See? Returning to bad eating habits...and has usually been because I couldn't exercise for whatever reason.
__________________ CHANGE IS HARD.
BUT PERPETUAL DISSATISFACTION AIN'T NO PICNIC EITHER!
You CAN have ANYTHING you want,
but you CAN'T have EVERYTHING you want!~my mama!
Last edited by Beach Patrol : 05-29-2010 at 03:11 PM.
My self-sabotage has been expecting myself to be perfect. So every time I slipped and "fell off" a diet, I'd decide that I just couldn't do it so why bother, and then I'd give up completely and go back to all my old ways and regain everything I lost, plus some.

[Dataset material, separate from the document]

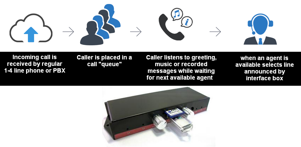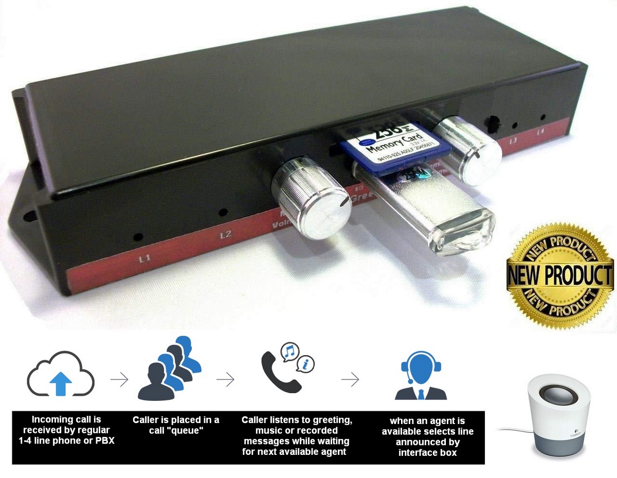 Call Handler Pro™ answers your incoming calls & keeps your callers on Hold until the next available employee can handle the calls (callers are 1st greeted then hear music and messages while on hold – device announces lines you need to take every 30 seconds)
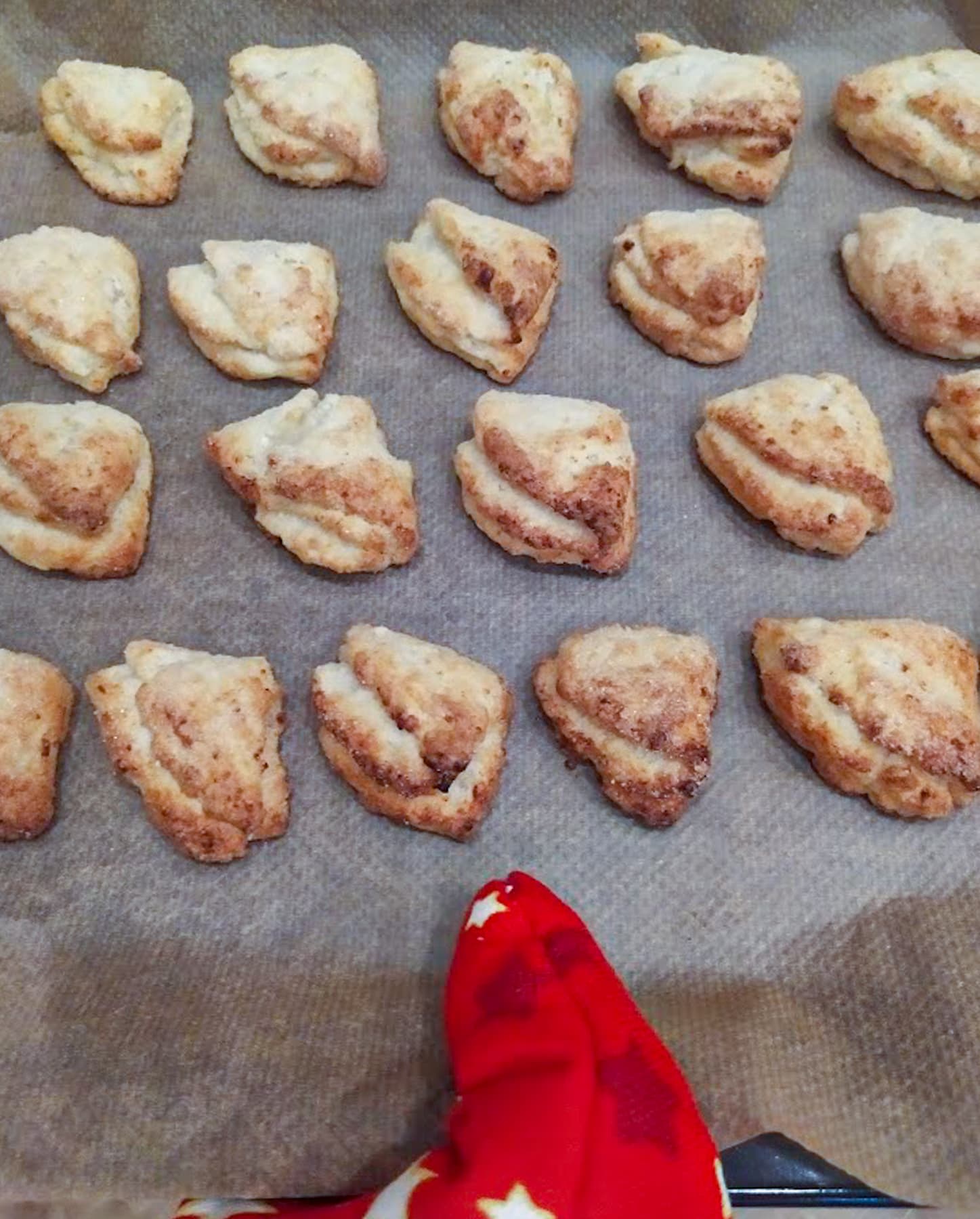 Не самая удачная наша работа с точки зрения эстетики, но как же вкусно: снаружи карамелизовавшийся сахар, внутри — воздушное, идеально пропеченное тесто. Очень опасное печенье: сколько испечешь, столько и съешь, оторваться невозможно.

The main difference for me this time is that I accept that I'll make mistakes and I'm learning to just acknowledge them and keep on going. It's not even specific triggers (aside from TOM cravings, I guess), it's more that I like the way my old favorites taste and I sometimes decide that I still want to have them. So I'm changing my relationship to cookies, etc. and I'm not seeing things so all or nothing. I can have a couple of cookies and enjoy them and then make a choice to eat something more healthy the next time I eat. It doesn't have to be that I eat a couple of cookies so that means I have to eat the whole bag plus everything else in sight!
I do think I'm fortunate that I don't consider myself to be addicted to a particular food and I don't get irresistible cravings to eat more if I have something like a cookie. Don't get me wrong, I'd be happy to eat more of them! lol! But I know it's a choice and I can stop at one or two. As long as I can remind myself that I can fit a cookie into my plan here and there, or at worse, be just 100 or so calories high, it's not a big deal and I do not have to let it sabotage me.
Going off plan, to me, is just a decision. Like, I'm gonna pig out a little or change this up or I'm tired of dieting.
Self sabotage is, again, to me, more emotional...more of a mental thing. I self sabotage when I start looking at the big picture and I feel like I'll never get there, or I don't deserve to get there, or even when I do get there, I'll still be ugly. I self sabotage when I become intimidated by weight loss and the changes it is bringing about in my life.